**Information shown:**
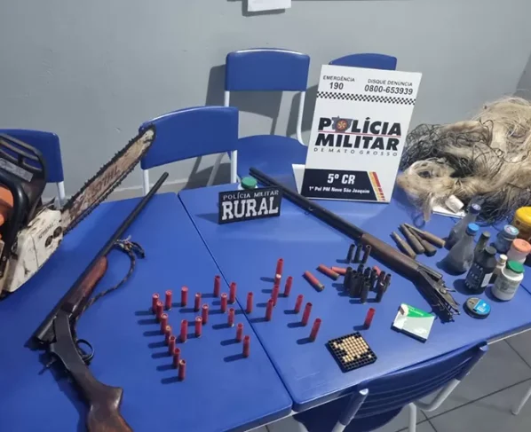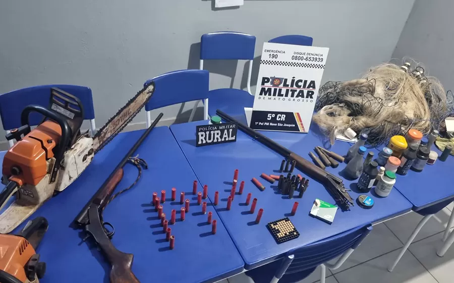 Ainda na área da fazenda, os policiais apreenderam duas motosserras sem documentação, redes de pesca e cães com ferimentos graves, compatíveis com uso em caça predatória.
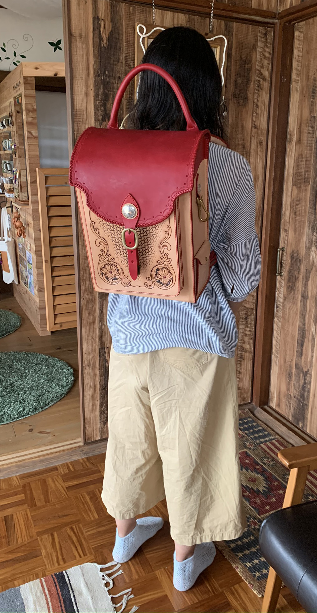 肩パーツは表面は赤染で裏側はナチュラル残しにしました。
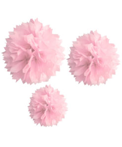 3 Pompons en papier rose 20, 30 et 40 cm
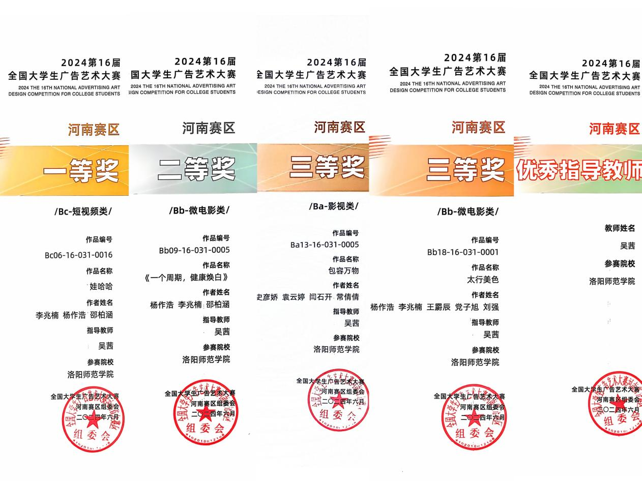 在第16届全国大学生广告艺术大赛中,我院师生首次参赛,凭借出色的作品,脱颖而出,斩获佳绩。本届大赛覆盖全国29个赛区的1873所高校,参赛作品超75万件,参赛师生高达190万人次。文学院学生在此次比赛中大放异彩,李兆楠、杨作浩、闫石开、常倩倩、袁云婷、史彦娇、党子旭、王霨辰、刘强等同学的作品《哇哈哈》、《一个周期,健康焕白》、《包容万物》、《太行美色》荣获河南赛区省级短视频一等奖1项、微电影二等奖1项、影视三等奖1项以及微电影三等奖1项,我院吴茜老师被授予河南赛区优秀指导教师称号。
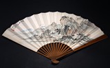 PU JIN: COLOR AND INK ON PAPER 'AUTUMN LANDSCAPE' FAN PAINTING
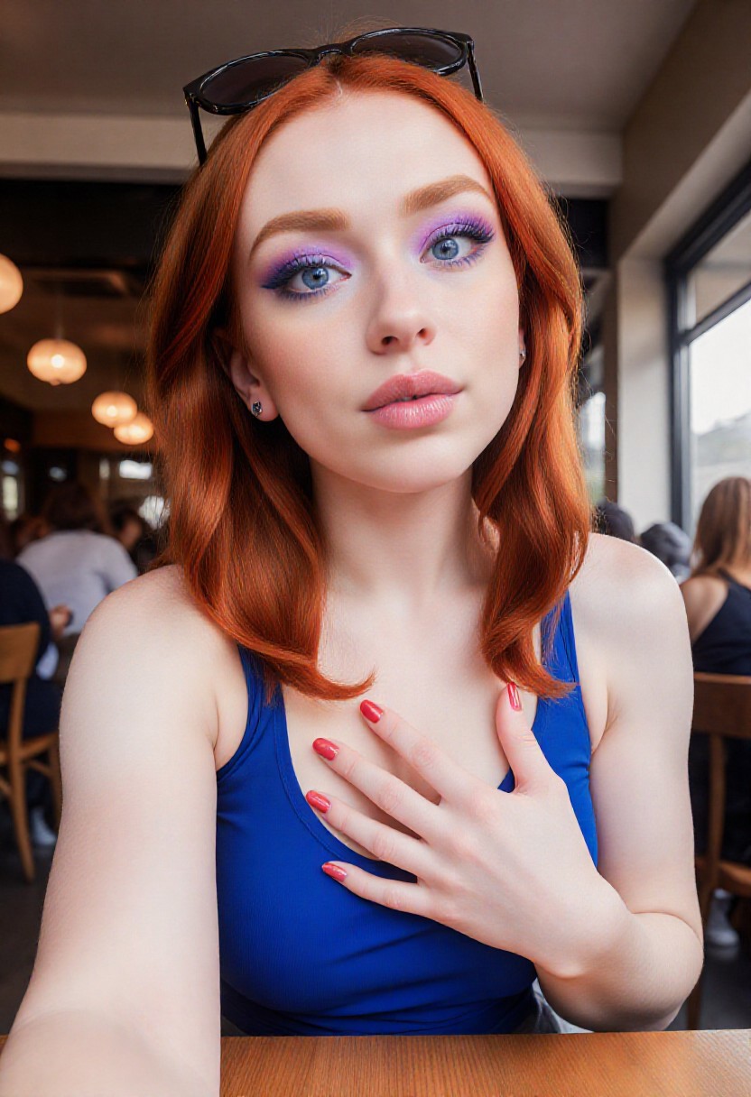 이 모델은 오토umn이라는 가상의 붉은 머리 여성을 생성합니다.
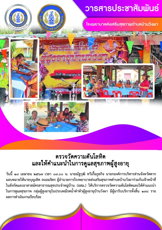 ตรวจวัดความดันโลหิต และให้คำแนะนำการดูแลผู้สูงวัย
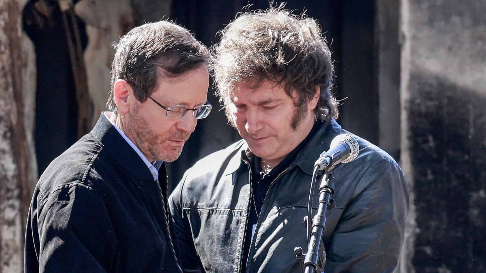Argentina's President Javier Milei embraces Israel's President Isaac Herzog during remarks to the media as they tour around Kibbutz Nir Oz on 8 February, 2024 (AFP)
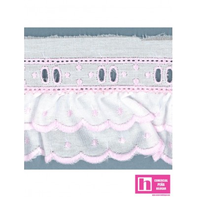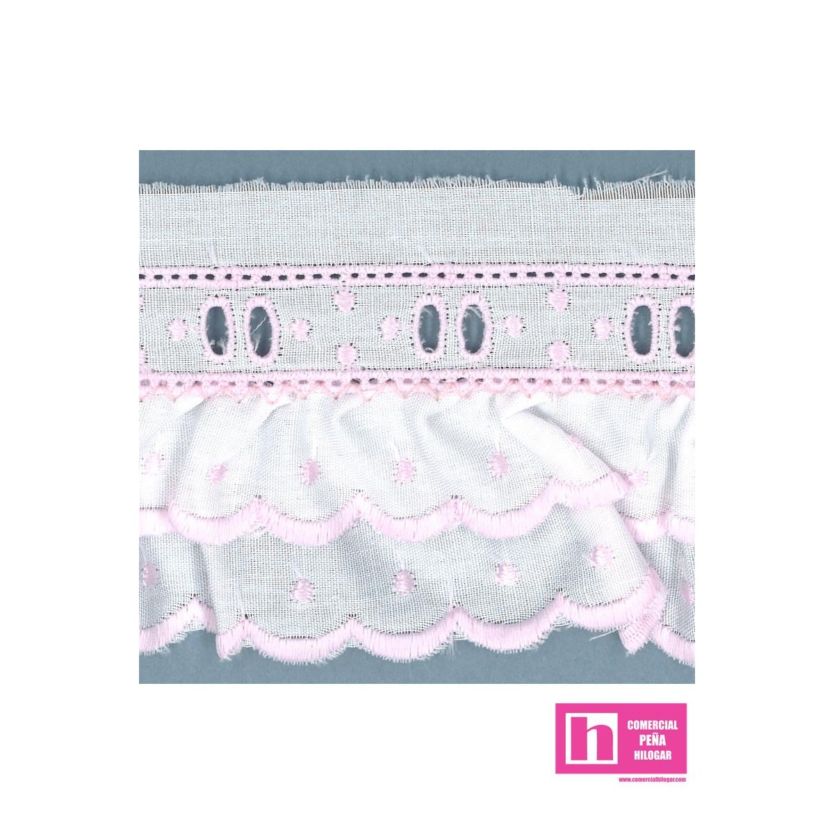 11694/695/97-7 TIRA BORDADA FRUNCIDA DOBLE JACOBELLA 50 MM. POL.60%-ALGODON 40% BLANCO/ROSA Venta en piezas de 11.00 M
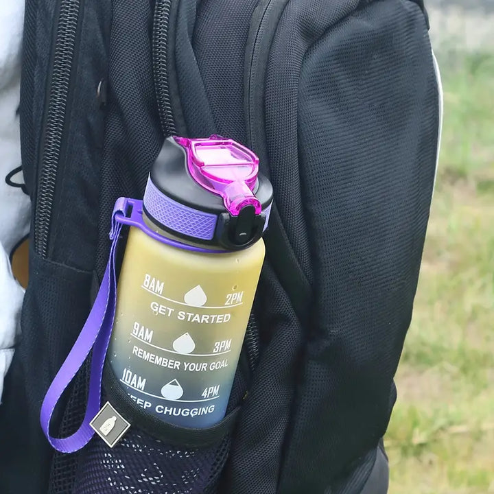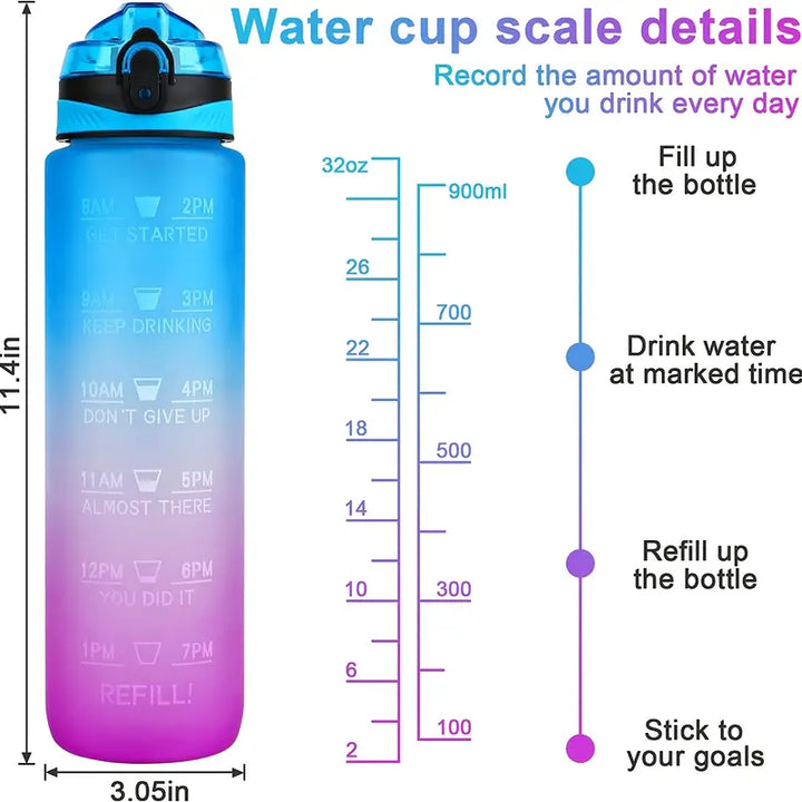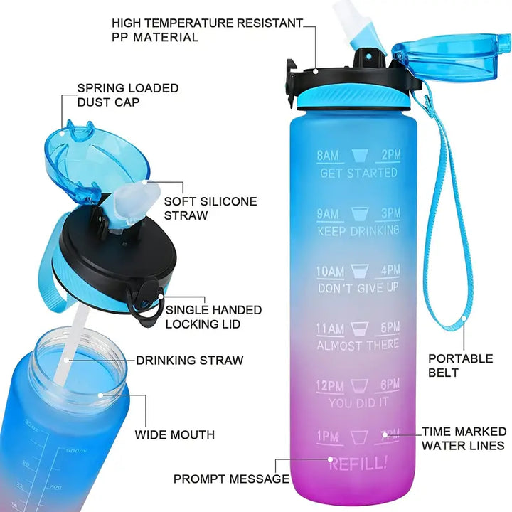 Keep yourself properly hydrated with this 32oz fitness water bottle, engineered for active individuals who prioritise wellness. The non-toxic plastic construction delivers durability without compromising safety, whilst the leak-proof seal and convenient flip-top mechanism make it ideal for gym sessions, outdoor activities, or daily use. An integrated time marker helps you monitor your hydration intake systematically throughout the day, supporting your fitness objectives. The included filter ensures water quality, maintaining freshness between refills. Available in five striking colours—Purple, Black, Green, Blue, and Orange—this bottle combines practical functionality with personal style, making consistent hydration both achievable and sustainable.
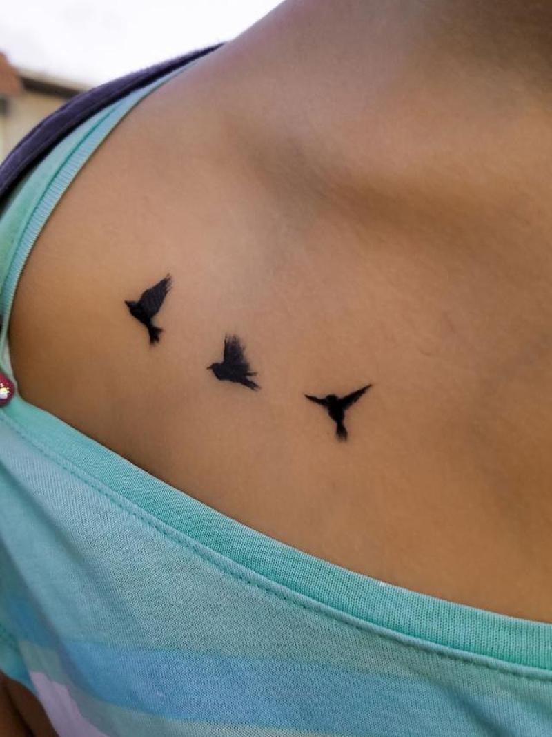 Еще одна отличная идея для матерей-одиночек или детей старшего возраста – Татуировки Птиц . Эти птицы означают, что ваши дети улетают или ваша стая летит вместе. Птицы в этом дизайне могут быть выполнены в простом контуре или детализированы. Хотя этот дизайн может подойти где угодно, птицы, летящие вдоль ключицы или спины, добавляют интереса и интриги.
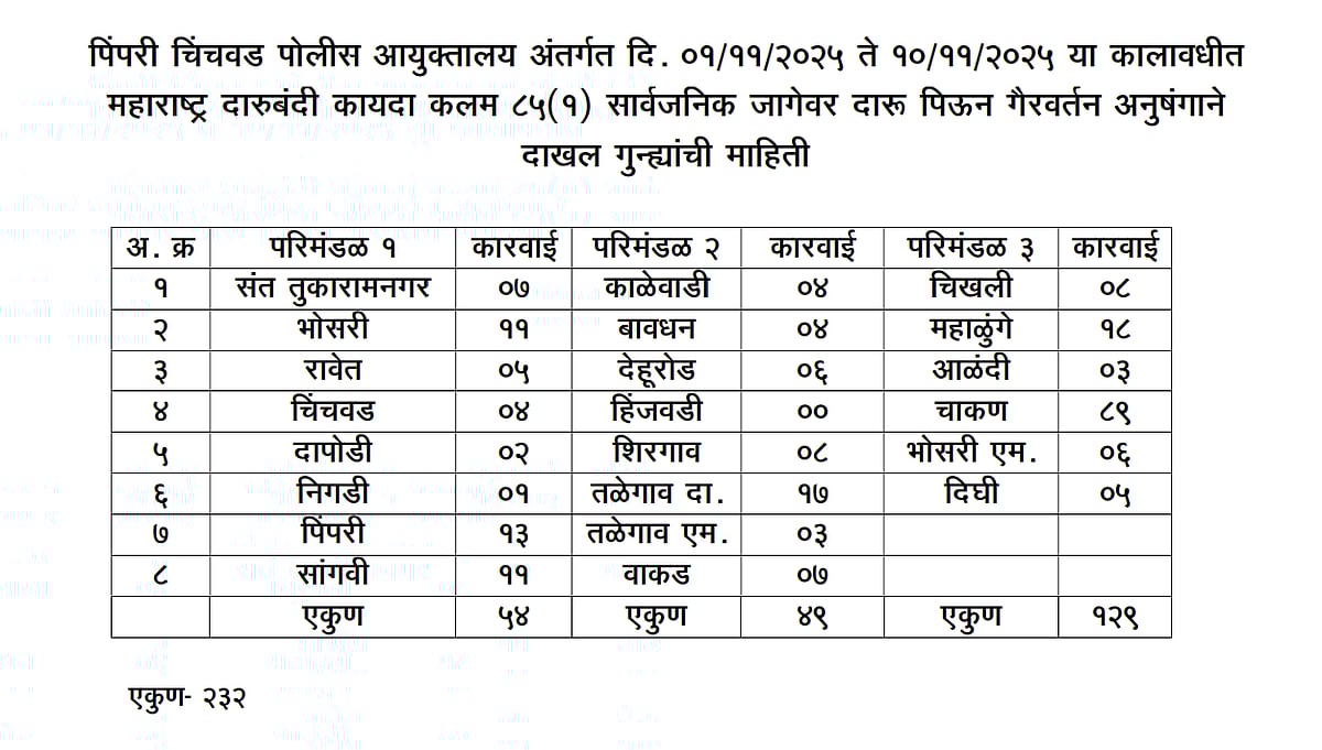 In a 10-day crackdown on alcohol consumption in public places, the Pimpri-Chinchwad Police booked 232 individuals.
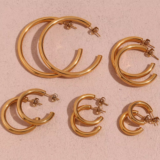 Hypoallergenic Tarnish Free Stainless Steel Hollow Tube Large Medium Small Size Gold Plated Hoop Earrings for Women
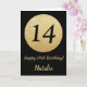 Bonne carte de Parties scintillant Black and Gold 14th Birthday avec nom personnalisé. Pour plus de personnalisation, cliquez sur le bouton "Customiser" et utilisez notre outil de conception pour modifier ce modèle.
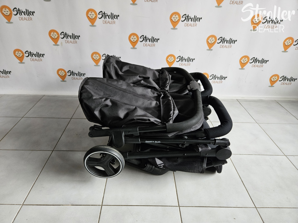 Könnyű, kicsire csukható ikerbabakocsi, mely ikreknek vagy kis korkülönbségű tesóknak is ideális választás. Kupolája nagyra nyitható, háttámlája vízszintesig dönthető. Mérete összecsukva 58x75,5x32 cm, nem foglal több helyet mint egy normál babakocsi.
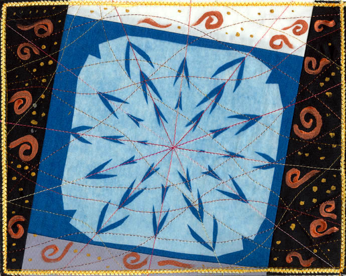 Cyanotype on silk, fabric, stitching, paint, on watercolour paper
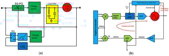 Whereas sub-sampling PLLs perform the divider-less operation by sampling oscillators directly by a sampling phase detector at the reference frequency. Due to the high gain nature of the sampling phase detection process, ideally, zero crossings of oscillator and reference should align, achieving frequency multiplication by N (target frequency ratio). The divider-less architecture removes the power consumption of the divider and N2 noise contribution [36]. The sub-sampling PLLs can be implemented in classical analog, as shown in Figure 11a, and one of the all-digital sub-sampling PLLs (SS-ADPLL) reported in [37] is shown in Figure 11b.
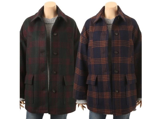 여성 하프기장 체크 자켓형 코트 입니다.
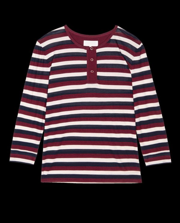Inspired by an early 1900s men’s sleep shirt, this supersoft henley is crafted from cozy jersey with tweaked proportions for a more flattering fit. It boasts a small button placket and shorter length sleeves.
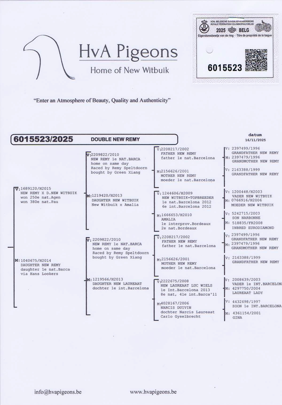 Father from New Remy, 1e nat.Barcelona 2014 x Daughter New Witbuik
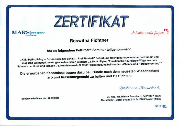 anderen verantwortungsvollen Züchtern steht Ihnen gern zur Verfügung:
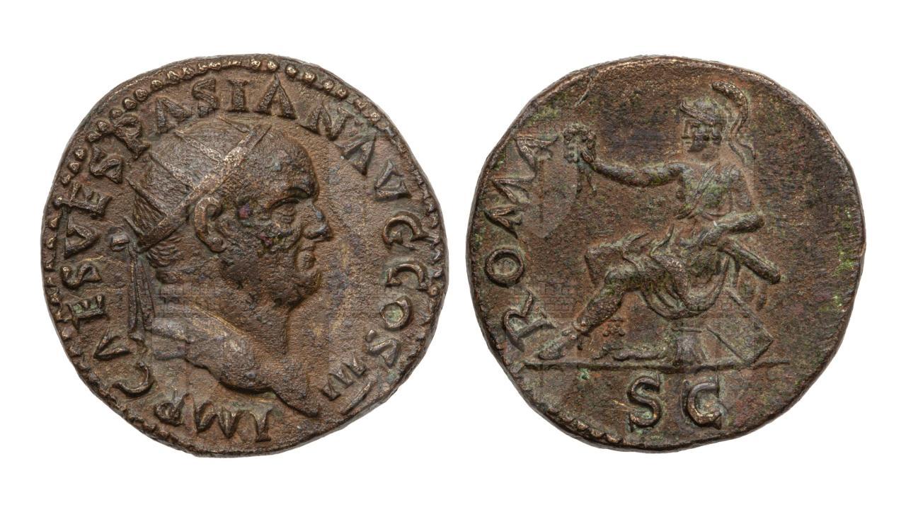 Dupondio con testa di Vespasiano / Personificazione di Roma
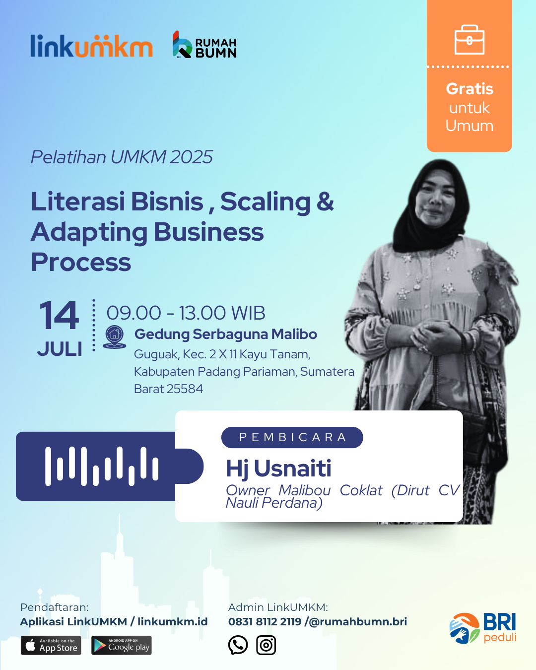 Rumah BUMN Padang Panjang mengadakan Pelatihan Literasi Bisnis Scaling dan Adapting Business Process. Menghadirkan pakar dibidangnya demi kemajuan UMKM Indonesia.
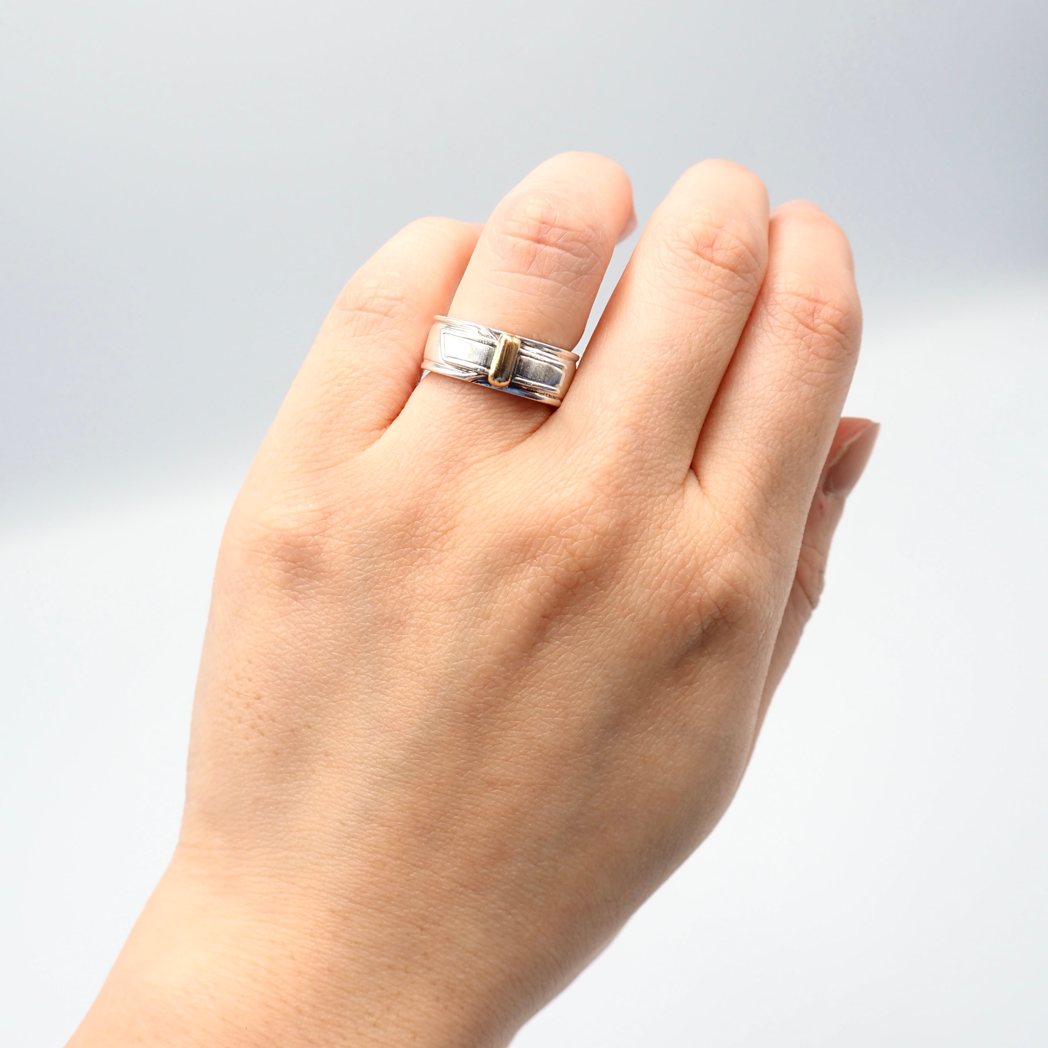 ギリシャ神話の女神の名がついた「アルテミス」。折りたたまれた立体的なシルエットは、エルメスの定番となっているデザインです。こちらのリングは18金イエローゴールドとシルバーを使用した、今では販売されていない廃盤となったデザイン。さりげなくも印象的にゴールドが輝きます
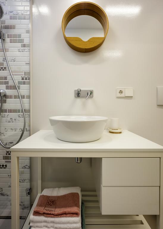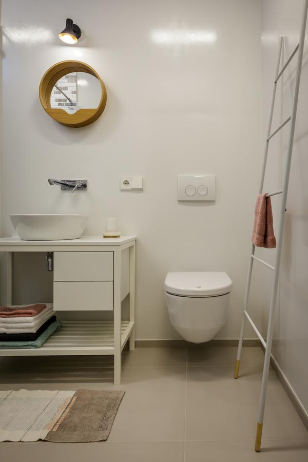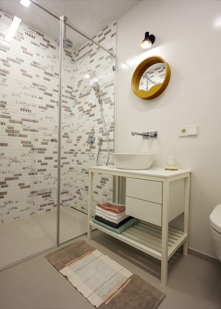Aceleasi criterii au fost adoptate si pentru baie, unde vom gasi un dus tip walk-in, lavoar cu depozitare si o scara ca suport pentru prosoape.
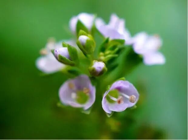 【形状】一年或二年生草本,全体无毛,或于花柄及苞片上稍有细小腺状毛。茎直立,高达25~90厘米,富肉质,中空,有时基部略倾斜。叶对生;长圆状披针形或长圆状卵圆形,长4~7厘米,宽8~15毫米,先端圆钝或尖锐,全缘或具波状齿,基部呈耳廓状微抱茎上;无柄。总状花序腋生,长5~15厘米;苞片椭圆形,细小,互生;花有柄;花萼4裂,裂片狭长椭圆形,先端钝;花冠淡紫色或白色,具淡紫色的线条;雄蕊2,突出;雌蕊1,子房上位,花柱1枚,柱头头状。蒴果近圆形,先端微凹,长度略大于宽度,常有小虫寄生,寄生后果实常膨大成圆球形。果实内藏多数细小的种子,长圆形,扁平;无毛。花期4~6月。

**What the task asks:** Begin at the first line of the entries above and return each line exactly, stopping after the line that contains "11694/695/97-7 TIRA BORDADA". Pictures do not belong in the copy.

**Exercise result:**
 Ainda na área da fazenda, os policiais apreenderam duas motosserras sem documentação, redes de pesca e cães com ferimentos graves, compatíveis com uso em caça predatória.
 肩パーツは表面は赤染で裏側はナチュラル残しにしました。
 3 Pompons en papier rose 20, 30 et 40 cm
 在第16届全国大学生广告艺术大赛中,我院师生首次参赛,凭借出色的作品,脱颖而出,斩获佳绩。本届大赛覆盖全国29个赛区的1873所高校,参赛作品超75万件,参赛师生高达190万人次。文学院学生在此次比赛中大放异彩,李兆楠、杨作浩、闫石开、常倩倩、袁云婷、史彦娇、党子旭、王霨辰、刘强等同学的作品《哇哈哈》、《一个周期,健康焕白》、《包容万物》、《太行美色》荣获河南赛区省级短视频一等奖1项、微电影二等奖1项、影视三等奖1项以及微电影三等奖1项,我院吴茜老师被授予河南赛区优秀指导教师称号。
 PU JIN: COLOR AND INK ON PAPER 'AUTUMN LANDSCAPE' FAN PAINTING
 이 모델은 오토umn이라는 가상의 붉은 머리 여성을 생성합니다.
 ตรวจวัดความดันโลหิต และให้คำแนะนำการดูแลผู้สูงวัย
Argentina's President Javier Milei embraces Israel's President Isaac Herzog during remarks to the media as they tour around Kibbutz Nir Oz on 8 February, 2024 (AFP)
 11694/695/97-7 TIRA BORDADA FRUNCIDA DOBLE JACOBELLA 50 MM. POL.60%-ALGODON 40% BLANCO/ROSA Venta en piezas de 11.00 M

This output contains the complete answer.